MeSC fail to undergo apoptosis after vincristine treatment. (A) Cells treated with 1 nM vincristine for 24 h were double stained with PI and AV and analysed by FACS. An increase in PI⁺/AV⁺ and PI⁻/AV⁺ cells was detected in vincristine-treated SkSC compared to MeSC. (B) The average numbers of early apoptotic AV⁺ cells from two experiments were plotted. ^*Results are statistically significant (P<0.05) by student's t-test.

Figure 7

p53 function is impaired in stromal cells from PC3 and TRAMP prostate tumours. (A) Both PC3SC and TRAMPSC had a fibroblast-like morphology (a) and uniformly expressed FSP-1 (b). (B) After treatment with etoposide (10 μM, 8 h) or vincristine (1 nM, 24 h), p53 accumulation was diminished in TRAMPSC and PC3SC compared to normal SkSC (a). Western blotting for pSER15 and pSER20 after vincristine (b) (1 nM, 24 h) or etoposide (8 h) treatment (c). Blots were striped and re-probed with p53 or β-actin antibodies. (C) Viabilities of TRAMPSC and PC3SC after treatment with etoposide (a) or vincristine (b).
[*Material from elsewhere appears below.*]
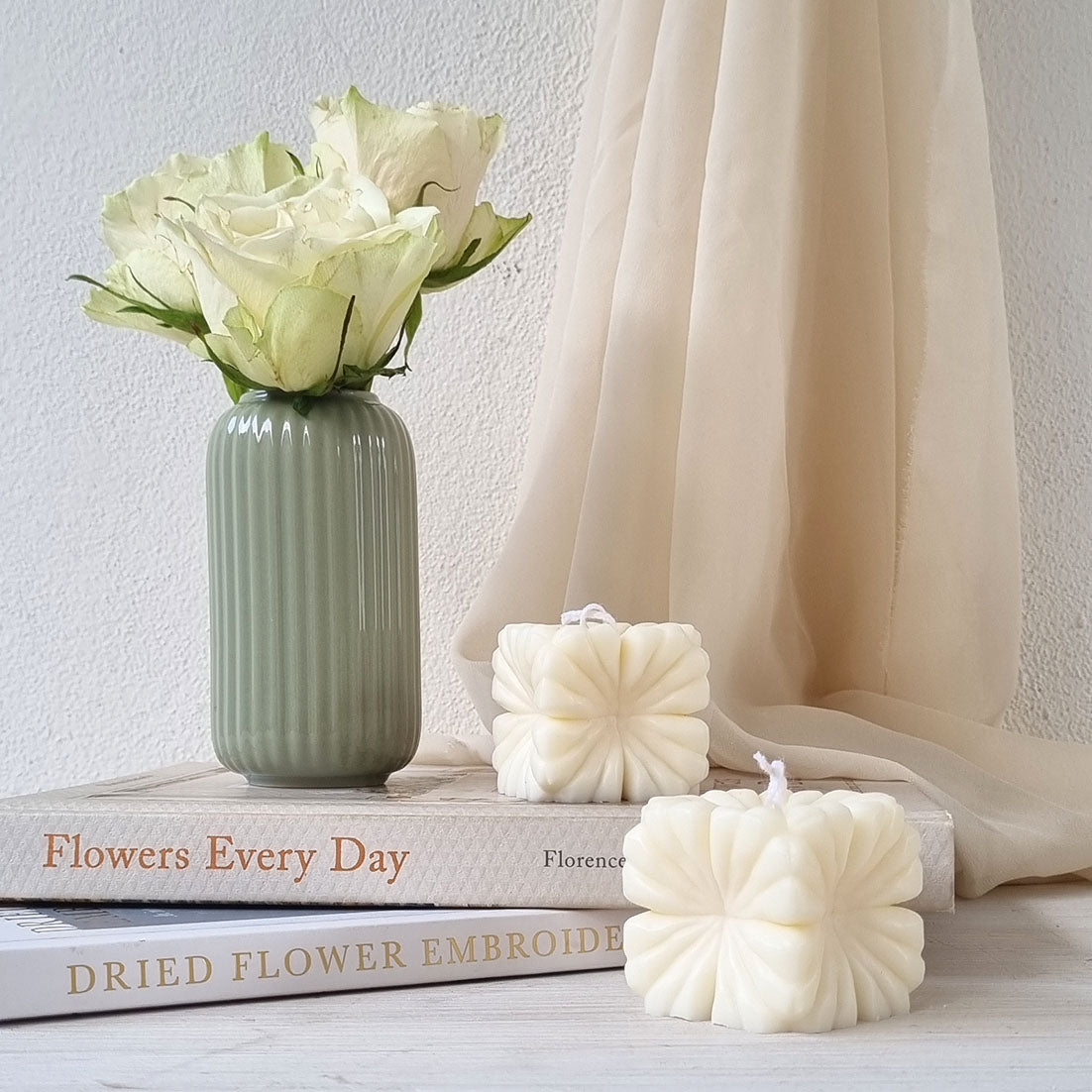 Candela Artigianale in Cera di Soia – Design Cubo Floreale

Cells were plated in triplicate and treated with each drug for 72 h before dispersing in trypsin and counting. Asterisk (^*) indicates results are statistically significant (P<0.05) by Student's t-test when comparing SkSC vs PC3 SC and a dagger (†) when comparing SkSc vs TRAMP SC.

Figure 8

Tumour stromal cells have multiple centrosomes and aneuploid karyotypes. (A) Centrosomes were labeled with pericentrin antibodies and counted. One hundred cells were scored and averaged from three different fields. (B) Karyotypes for SkSC, MeSC, PC3SC, and TRAMPSC showing aneuploidy in all tumour SC, whereas SkSC were normal.